The dashboard's F7 FCTR walk-forward panel (below the per-bar XS IC plot, shares the horizon tab) renders a time series of the per-window xs_ic_mean, plus reference lines:

  • dim horizontal at 0 — no-signal baseline
  • muted horizontal at the full-sample xs_ic_mean — anchor for "is this window above or below the headline IC?"
  • rolling line — colored green / amber / dim by the FULL-SAMPLE t-stat bucket (same scheme as the IC table verdict)
  • per-window dots overlaid on the rolling line — each dot colored by THAT window's own t-stat bucket. Lets you spot the windows where the signal was strong (green dots cluster) vs windows where it broke (dim/amber clusters), even when the full-sample line color suggests an even read.
  • Hover the plot to see the window's date range, IC mean, t-stat, and observation count at the nearest dot.

The header strip shows a trend-slope badge from qe::analytics::rolling_ic_trend_slope (simple OLS of xs_ic_mean vs window index). Green when slope > 0 and R² > 0.3, red when slope < 0 and R² > 0.3, dim otherwise — keeps the "factor is decaying" warning from firing on a noisy line with no real trend.

Reading the JSON yourself

A factor is "real and persistent" when most windows clear the |t-stat| > 2 bar:

import json
r = json.load(open("out/wf_report.json"))
for fac in r["factors"]:
    for ic in fac["ic"]:
        wf = ic["walk_forward"]
        n = len(wf["windows"])
        sig = sum(1 for w in wf["windows"] if abs(w["xs_ic_t_stat"]) > 2)
        print(f"{fac['name']:14s} h={ic['horizon']:3d}: {sig}/{n} significant windows")

A factor with 60/108 significant windows on real Yahoo sector data is a genuine signal that survives across most regimes — much stronger evidence than a single full-sample t-stat = +4.

Limits

  • Fixed rectangular window only. Expanding / exponential-decay windows are planned.
  • No alarm system. The slope badge is a visual; there's no cron / Slack hook telling you when a factor's IC slope tips below a threshold.
  • No per-symbol rolling TS IC. The aggregate per-window TS IC is in the JSON, but the dashboard doesn't yet plot per-symbol lines.

What this layer is NOT

  • Not a substitute for signal(...) + qe_run — those are still the path for "I want to trade this idea." Factor research is the upstream filter that decides what to trade.
  • No sector / beta neutralization. If you want sector-neutral ranking, subtract a per-bar sector mean inside the factor expression. Proper Barra-style neutralization is its own can of worms.
  • No long-only mode. The long-short backtest is symmetric.
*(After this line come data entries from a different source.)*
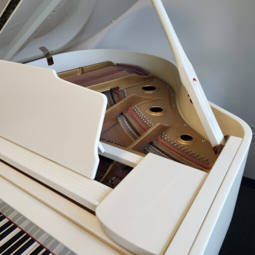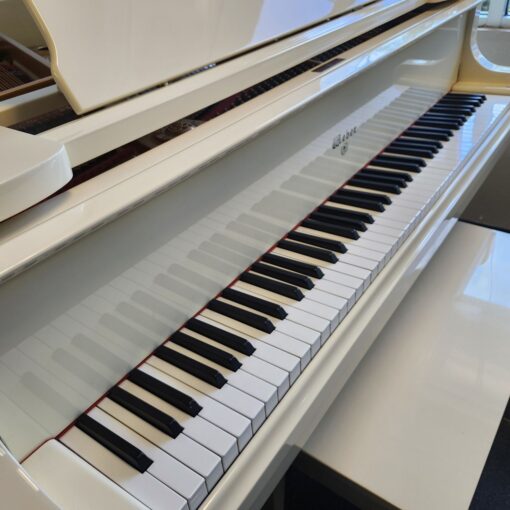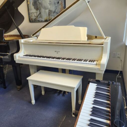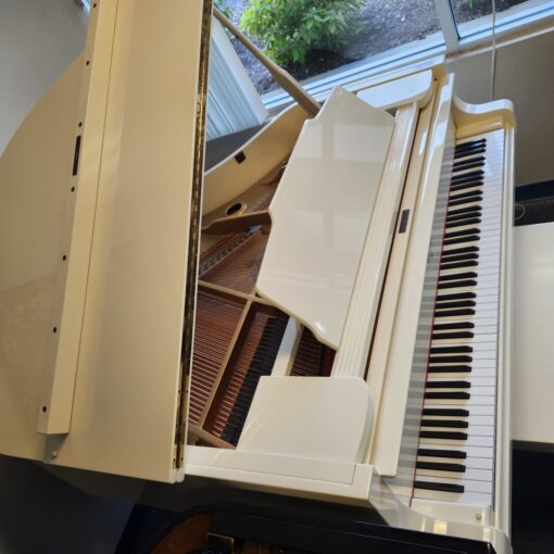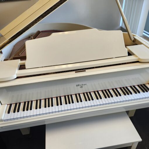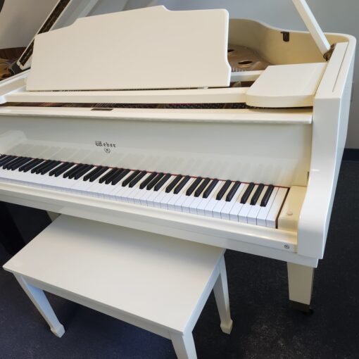 This Weber Ivory Baby Grand Piano offered for sale by The Piano Guys is a solid used grand in very good condition. Made in Korea by the Young Chang company in the 90s, this piano was lovingly treasured and regularly tuned. It has a clear powerful tone, and is moderately easy to play. It comes in a 5′ cabinet, which has a nice even ivory color, with the finish in very good condition as well. Makes quite a statement in any Florida home. This price range is moving very quickly this year, so please don’t wait if this is your piano and color.
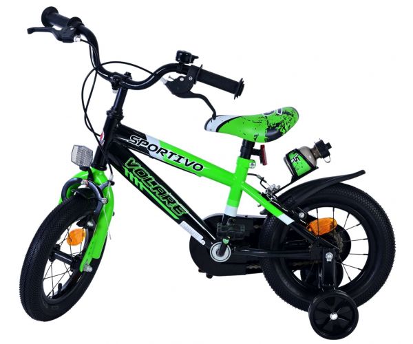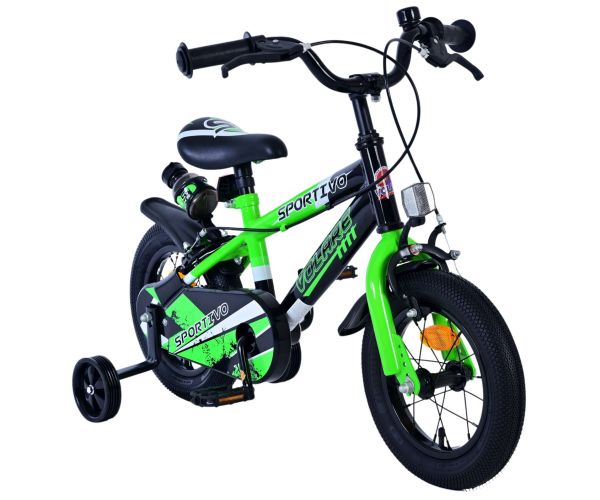 Volare Sportivo Kinderfiets - Jongens - 12 inch - Groen Zwart - Twee Handremmen
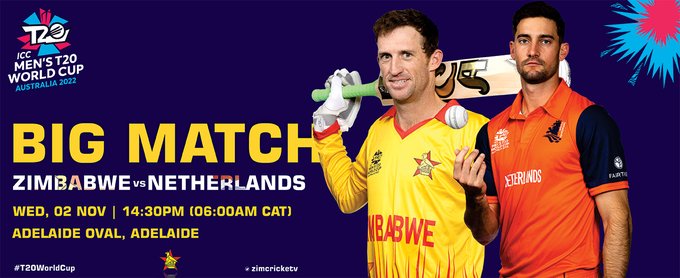 ESPN ICC Mens T20 World Cup. The Zimbabwe vs Netherlands T20 World Cup 2022 match will take place at the Adelaide Oval on November 2. Zimbabwe have the opportunity to boost their chances of.
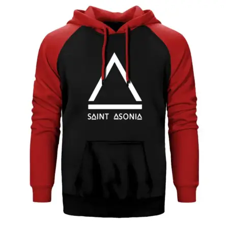 • Saint Asonia Hoodie, Double Color Raglan Sleeve Red Sweatshirt
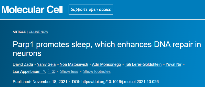 研究发现,一种叫做PARP1(多聚ADP核糖聚合酶1)的蛋白质在DNA修复过程起关键作用。这种蛋白质可以感知到清醒时不断增加的DNA损伤,如果损伤达到某个阈值,它就向大脑发出信号,促进睡眠和DNA修复,从而减少DNA断裂。相反,如果抑制了PARP1,斑马鱼就不会去睡觉,DNA修复也不会发生。
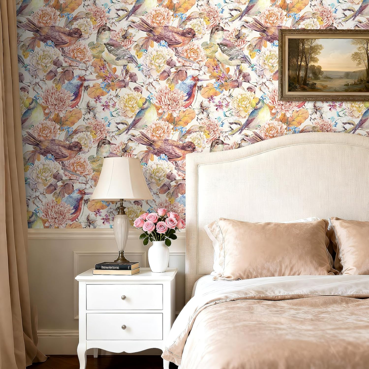 | Theme | Chinoiserie Yellow Orange Pink Wallpaper Peel and Stick Bird Floral Contact Paper Pink Orange Yellow for Walls Cabinets Shelves Kitchen Cabinet Wallpaper Waterproof |
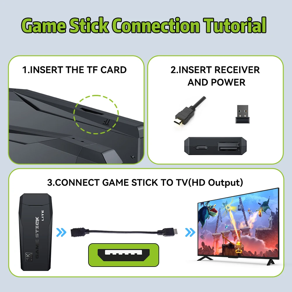 We have prepared a 64GB TF card for the M8 game stick, which has more than 25,000 retro games built-in, including a large number of classic arcade games and fighting games. It will take you back to your childhood quickly and is the best choice for retro game lovers.
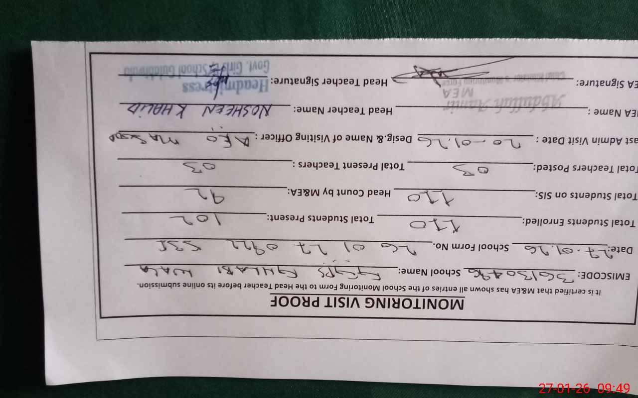 | Attendance Register | Head Teacher | MEA with School | Visit Proof |
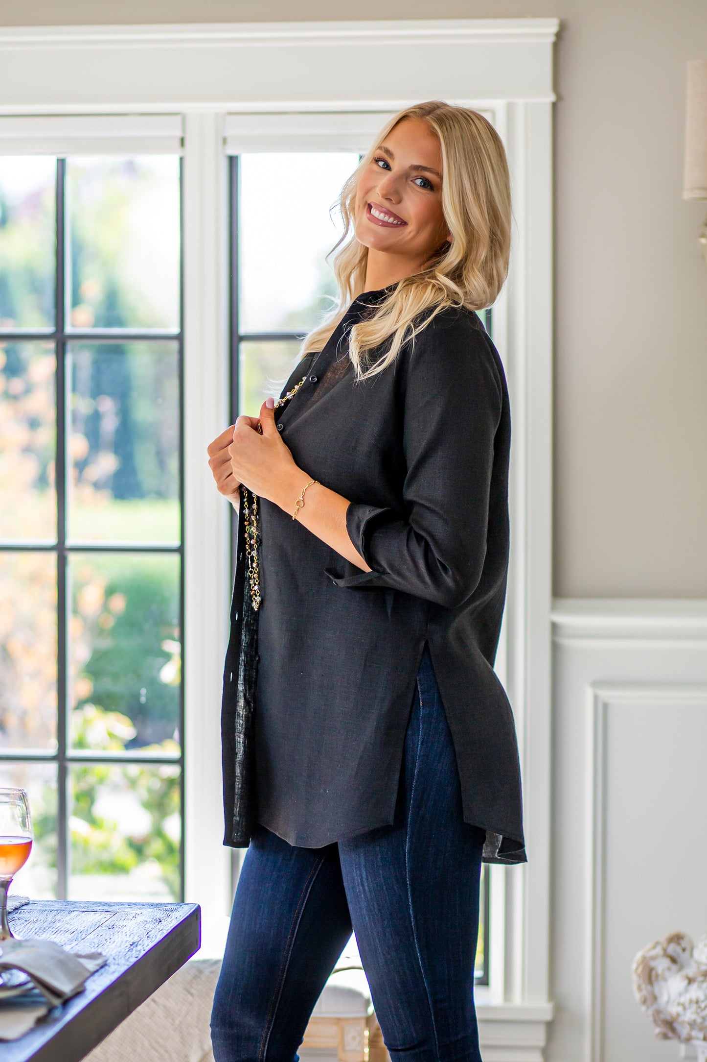 Another one of our best sellers! The Christina linen button up tunic with slits on the side and a bit longer in length so it can be worn over leggings, skinny jeans, or as a light jacket. Very comfortable for a casual look or dress it up.
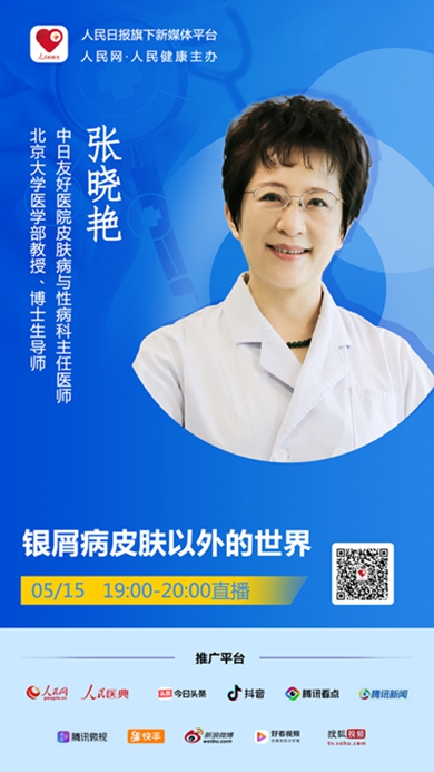 長期以來,大眾對于銀屑病的了解更多源于它對患者形象的影響和自信的打擊,但事實上,在醫生眼中它的難纏之處除了本身的特性外,還有共患病對患者身體的危害。2020年5月15日(周五)19:00,人民日報社旗下新媒體“人民好醫生”客戶端將邀請中日友好醫院皮膚病與性病科主任醫師,北京大學醫學部教授、博士生導師張曉艷進行視頻訪談,帶大家一起從多角度認識銀屑病,了解銀屑病皮膚以外的世界。
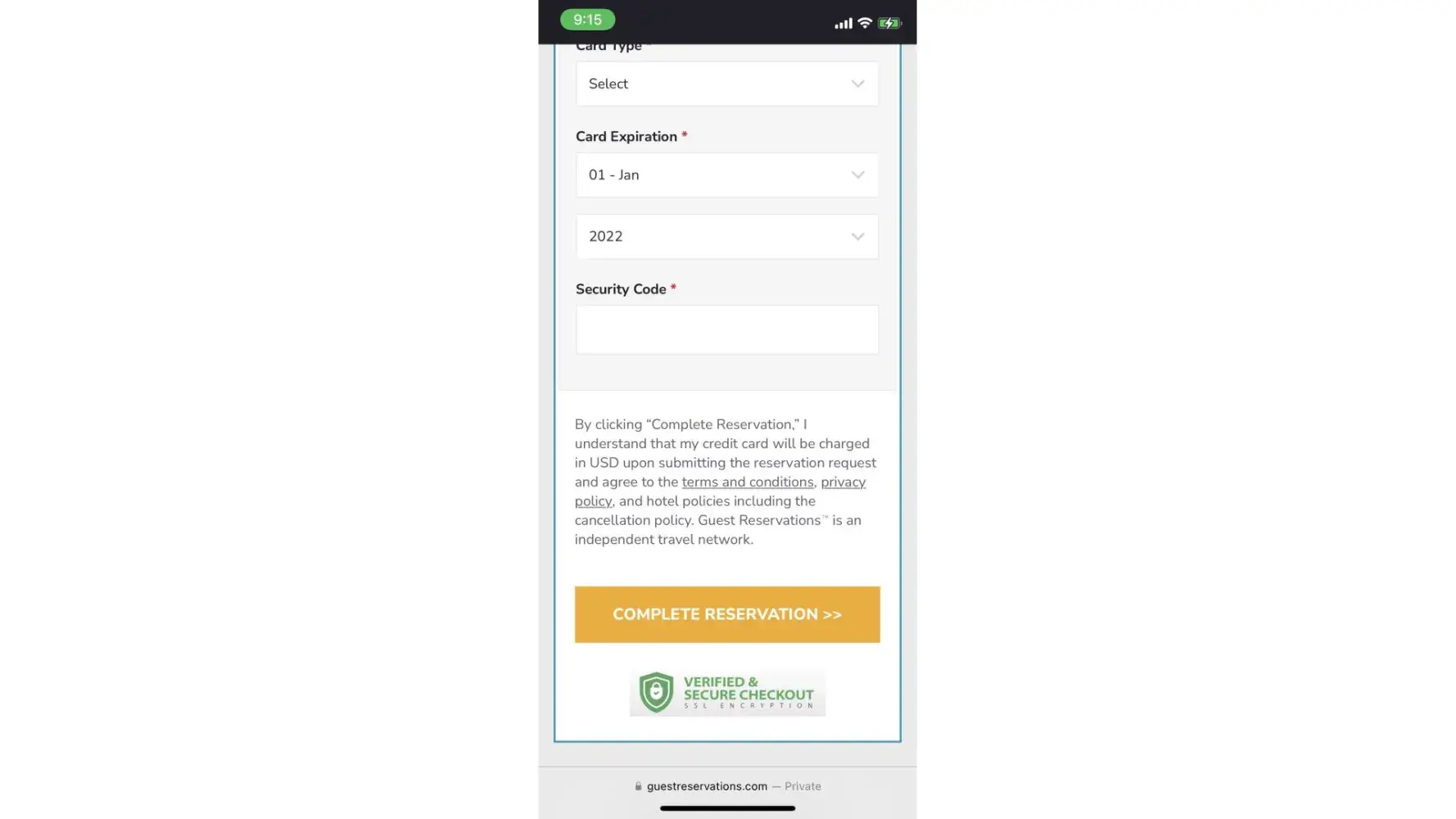 This payment will be processed in the United States and will appear on your statement as "gar*Hotel Res".

A long-only flag is on the deferred list.

See also

  • docs/qe-language.md — full .qe grammar reference.
  • docs/forecasting.mdpredict_return(...) and related ML predictors. Factor research and the forecasting layer are orthogonal — a research-vetted factor often becomes a feature inside a predict_return(...) model.
  • apps/dashboard/workspace_examples.cppexample_factor_research.qe is the starter file dropped into fresh workspaces.